Goal of the exercise:
Begin at the line below that has "Descoperiți stilul și". Stop after the line that has "7月26日,商业航天概念表现", repeating each line exactly and leaving out the pictures.

Dataset records:
- - -
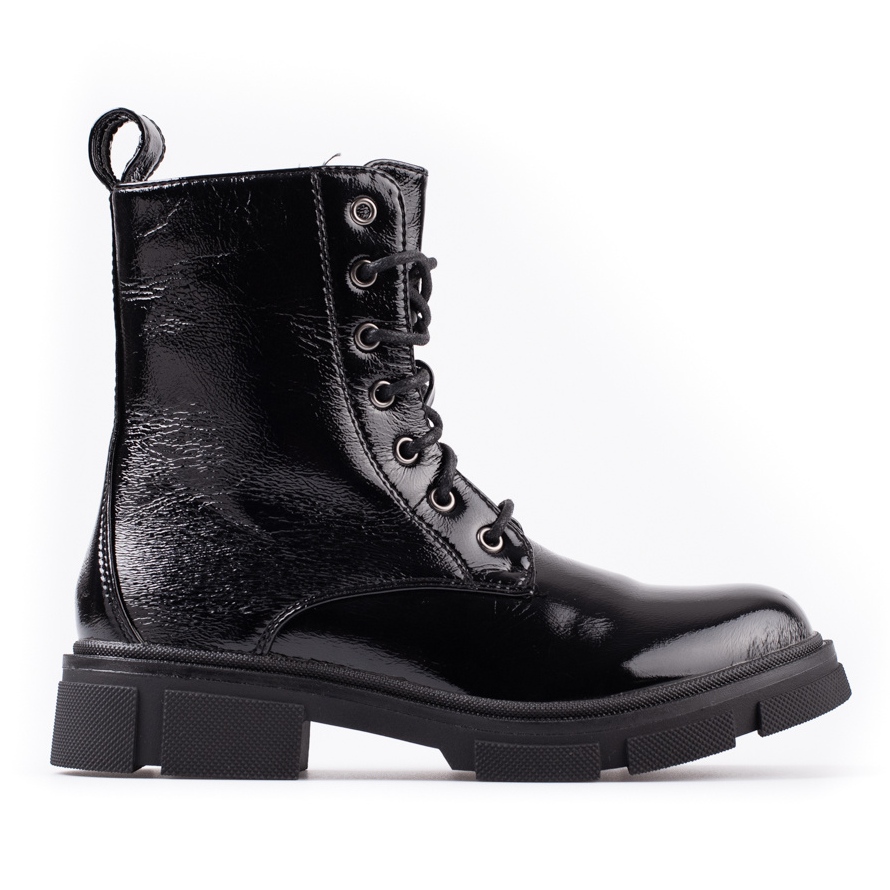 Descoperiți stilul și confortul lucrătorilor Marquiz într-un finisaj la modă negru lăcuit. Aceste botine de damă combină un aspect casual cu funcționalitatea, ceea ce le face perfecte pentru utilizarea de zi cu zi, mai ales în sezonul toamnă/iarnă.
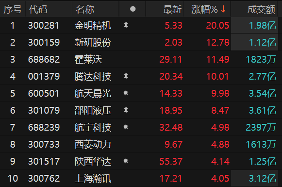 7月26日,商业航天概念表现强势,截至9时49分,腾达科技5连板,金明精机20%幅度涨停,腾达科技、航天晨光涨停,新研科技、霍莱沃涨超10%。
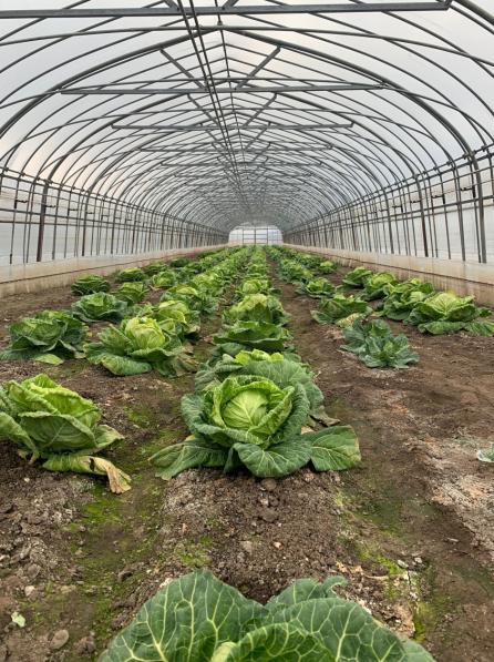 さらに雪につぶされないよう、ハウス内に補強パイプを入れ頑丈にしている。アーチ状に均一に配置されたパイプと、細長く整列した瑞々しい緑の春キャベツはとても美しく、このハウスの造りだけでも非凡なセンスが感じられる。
- - -
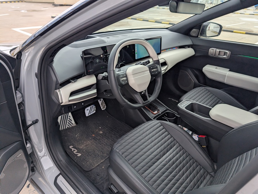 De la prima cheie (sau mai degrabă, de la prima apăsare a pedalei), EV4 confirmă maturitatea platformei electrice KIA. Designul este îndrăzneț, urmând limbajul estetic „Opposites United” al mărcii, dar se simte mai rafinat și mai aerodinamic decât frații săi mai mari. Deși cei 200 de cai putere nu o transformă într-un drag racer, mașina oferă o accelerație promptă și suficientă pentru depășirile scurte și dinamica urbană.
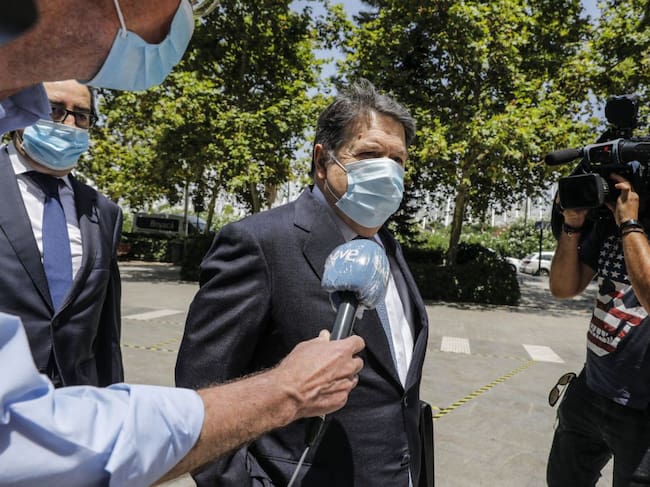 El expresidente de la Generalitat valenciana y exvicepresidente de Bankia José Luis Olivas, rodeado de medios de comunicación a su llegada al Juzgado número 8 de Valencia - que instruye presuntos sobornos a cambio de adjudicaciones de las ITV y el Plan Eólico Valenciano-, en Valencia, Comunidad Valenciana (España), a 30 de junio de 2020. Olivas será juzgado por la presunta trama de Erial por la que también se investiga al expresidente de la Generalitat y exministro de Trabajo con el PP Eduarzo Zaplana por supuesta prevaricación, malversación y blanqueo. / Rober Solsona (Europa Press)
- - -
Task solution:
 Descoperiți stilul și confortul lucrătorilor Marquiz într-un finisaj la modă negru lăcuit. Aceste botine de damă combină un aspect casual cu funcționalitatea, ceea ce le face perfecte pentru utilizarea de zi cu zi, mai ales în sezonul toamnă/iarnă.
 7月26日,商业航天概念表现强势,截至9时49分,腾达科技5连板,金明精机20%幅度涨停,腾达科技、航天晨光涨停,新研科技、霍莱沃涨超10%。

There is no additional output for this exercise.